* [Exercise data]:
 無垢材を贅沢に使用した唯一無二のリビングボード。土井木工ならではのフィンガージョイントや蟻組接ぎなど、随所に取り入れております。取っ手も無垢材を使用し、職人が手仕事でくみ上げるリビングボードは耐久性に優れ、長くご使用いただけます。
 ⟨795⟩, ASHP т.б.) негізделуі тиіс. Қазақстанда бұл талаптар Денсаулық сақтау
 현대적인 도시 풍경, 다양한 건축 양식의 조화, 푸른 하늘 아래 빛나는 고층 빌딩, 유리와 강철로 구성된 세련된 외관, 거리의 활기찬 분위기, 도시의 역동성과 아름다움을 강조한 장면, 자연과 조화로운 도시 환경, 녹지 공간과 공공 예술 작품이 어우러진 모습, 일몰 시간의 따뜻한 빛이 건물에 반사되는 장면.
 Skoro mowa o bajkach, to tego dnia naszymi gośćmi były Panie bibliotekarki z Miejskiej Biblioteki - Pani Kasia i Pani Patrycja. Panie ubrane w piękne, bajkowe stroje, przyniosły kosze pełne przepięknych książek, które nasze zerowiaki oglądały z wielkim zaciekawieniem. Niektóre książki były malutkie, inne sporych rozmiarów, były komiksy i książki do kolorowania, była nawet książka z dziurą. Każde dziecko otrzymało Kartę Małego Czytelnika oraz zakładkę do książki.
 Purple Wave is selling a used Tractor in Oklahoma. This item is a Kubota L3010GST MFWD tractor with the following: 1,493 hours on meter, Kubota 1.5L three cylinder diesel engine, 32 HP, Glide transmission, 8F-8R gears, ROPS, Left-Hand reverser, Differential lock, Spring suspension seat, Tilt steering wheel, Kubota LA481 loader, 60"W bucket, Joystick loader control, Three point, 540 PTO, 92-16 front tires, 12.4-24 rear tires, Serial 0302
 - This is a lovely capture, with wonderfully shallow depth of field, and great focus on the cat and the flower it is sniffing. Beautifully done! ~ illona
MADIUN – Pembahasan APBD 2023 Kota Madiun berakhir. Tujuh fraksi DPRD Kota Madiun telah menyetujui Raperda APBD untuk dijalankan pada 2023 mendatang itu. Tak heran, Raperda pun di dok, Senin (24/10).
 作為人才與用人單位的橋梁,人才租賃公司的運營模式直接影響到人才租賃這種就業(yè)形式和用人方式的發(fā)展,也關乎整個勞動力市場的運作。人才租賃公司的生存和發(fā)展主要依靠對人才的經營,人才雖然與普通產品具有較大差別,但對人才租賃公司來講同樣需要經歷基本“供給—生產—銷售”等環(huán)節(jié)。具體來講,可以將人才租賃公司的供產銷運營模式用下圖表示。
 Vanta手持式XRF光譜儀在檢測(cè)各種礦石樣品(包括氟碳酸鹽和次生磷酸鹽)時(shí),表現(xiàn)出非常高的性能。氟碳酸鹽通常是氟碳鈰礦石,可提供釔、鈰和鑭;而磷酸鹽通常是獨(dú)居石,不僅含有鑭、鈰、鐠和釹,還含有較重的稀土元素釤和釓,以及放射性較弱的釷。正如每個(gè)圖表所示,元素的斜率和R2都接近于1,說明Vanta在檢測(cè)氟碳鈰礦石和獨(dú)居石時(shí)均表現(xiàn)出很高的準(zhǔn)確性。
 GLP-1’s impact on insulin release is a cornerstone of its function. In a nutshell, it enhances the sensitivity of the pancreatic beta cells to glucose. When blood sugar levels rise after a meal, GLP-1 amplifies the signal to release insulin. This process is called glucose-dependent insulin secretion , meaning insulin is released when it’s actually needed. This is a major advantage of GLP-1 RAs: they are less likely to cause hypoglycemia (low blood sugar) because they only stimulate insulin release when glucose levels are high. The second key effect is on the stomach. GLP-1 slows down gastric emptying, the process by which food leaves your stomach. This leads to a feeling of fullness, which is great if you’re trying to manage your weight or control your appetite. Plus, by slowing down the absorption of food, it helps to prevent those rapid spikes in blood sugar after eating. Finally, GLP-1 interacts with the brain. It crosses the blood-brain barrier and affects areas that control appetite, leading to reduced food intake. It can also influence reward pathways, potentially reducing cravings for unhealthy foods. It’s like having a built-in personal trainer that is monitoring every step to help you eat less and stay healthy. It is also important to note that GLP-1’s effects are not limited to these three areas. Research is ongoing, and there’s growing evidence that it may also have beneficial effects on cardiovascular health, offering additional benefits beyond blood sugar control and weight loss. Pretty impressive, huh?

* [Required action]: The records above should be printed in full, exactly as they appear.

* [Result]:
 無垢材を贅沢に使用した唯一無二のリビングボード。土井木工ならではのフィンガージョイントや蟻組接ぎなど、随所に取り入れております。取っ手も無垢材を使用し、職人が手仕事でくみ上げるリビングボードは耐久性に優れ、長くご使用いただけます。
 ⟨795⟩, ASHP т.б.) негізделуі тиіс. Қазақстанда бұл талаптар Денсаулық сақтау
 현대적인 도시 풍경, 다양한 건축 양식의 조화, 푸른 하늘 아래 빛나는 고층 빌딩, 유리와 강철로 구성된 세련된 외관, 거리의 활기찬 분위기, 도시의 역동성과 아름다움을 강조한 장면, 자연과 조화로운 도시 환경, 녹지 공간과 공공 예술 작품이 어우러진 모습, 일몰 시간의 따뜻한 빛이 건물에 반사되는 장면.
 Skoro mowa o bajkach, to tego dnia naszymi gośćmi były Panie bibliotekarki z Miejskiej Biblioteki - Pani Kasia i Pani Patrycja. Panie ubrane w piękne, bajkowe stroje, przyniosły kosze pełne przepięknych książek, które nasze zerowiaki oglądały z wielkim zaciekawieniem. Niektóre książki były malutkie, inne sporych rozmiarów, były komiksy i książki do kolorowania, była nawet książka z dziurą. Każde dziecko otrzymało Kartę Małego Czytelnika oraz zakładkę do książki.
 Purple Wave is selling a used Tractor in Oklahoma. This item is a Kubota L3010GST MFWD tractor with the following: 1,493 hours on meter, Kubota 1.5L three cylinder diesel engine, 32 HP, Glide transmission, 8F-8R gears, ROPS, Left-Hand reverser, Differential lock, Spring suspension seat, Tilt steering wheel, Kubota LA481 loader, 60"W bucket, Joystick loader control, Three point, 540 PTO, 92-16 front tires, 12.4-24 rear tires, Serial 0302
 - This is a lovely capture, with wonderfully shallow depth of field, and great focus on the cat and the flower it is sniffing. Beautifully done! ~ illona
MADIUN – Pembahasan APBD 2023 Kota Madiun berakhir. Tujuh fraksi DPRD Kota Madiun telah menyetujui Raperda APBD untuk dijalankan pada 2023 mendatang itu. Tak heran, Raperda pun di dok, Senin (24/10).
 作為人才與用人單位的橋梁,人才租賃公司的運營模式直接影響到人才租賃這種就業(yè)形式和用人方式的發(fā)展,也關乎整個勞動力市場的運作。人才租賃公司的生存和發(fā)展主要依靠對人才的經營,人才雖然與普通產品具有較大差別,但對人才租賃公司來講同樣需要經歷基本“供給—生產—銷售”等環(huán)節(jié)。具體來講,可以將人才租賃公司的供產銷運營模式用下圖表示。
 Vanta手持式XRF光譜儀在檢測(cè)各種礦石樣品(包括氟碳酸鹽和次生磷酸鹽)時(shí),表現(xiàn)出非常高的性能。氟碳酸鹽通常是氟碳鈰礦石,可提供釔、鈰和鑭;而磷酸鹽通常是獨(dú)居石,不僅含有鑭、鈰、鐠和釹,還含有較重的稀土元素釤和釓,以及放射性較弱的釷。正如每個(gè)圖表所示,元素的斜率和R2都接近于1,說明Vanta在檢測(cè)氟碳鈰礦石和獨(dú)居石時(shí)均表現(xiàn)出很高的準(zhǔn)確性。
 GLP-1’s impact on insulin release is a cornerstone of its function. In a nutshell, it enhances the sensitivity of the pancreatic beta cells to glucose. When blood sugar levels rise after a meal, GLP-1 amplifies the signal to release insulin. This process is called glucose-dependent insulin secretion , meaning insulin is released when it’s actually needed. This is a major advantage of GLP-1 RAs: they are less likely to cause hypoglycemia (low blood sugar) because they only stimulate insulin release when glucose levels are high. The second key effect is on the stomach. GLP-1 slows down gastric emptying, the process by which food leaves your stomach. This leads to a feeling of fullness, which is great if you’re trying to manage your weight or control your appetite. Plus, by slowing down the absorption of food, it helps to prevent those rapid spikes in blood sugar after eating. Finally, GLP-1 interacts with the brain. It crosses the blood-brain barrier and affects areas that control appetite, leading to reduced food intake. It can also influence reward pathways, potentially reducing cravings for unhealthy foods. It’s like having a built-in personal trainer that is monitoring every step to help you eat less and stay healthy. It is also important to note that GLP-1’s effects are not limited to these three areas. Research is ongoing, and there’s growing evidence that it may also have beneficial effects on cardiovascular health, offering additional benefits beyond blood sugar control and weight loss. Pretty impressive, huh?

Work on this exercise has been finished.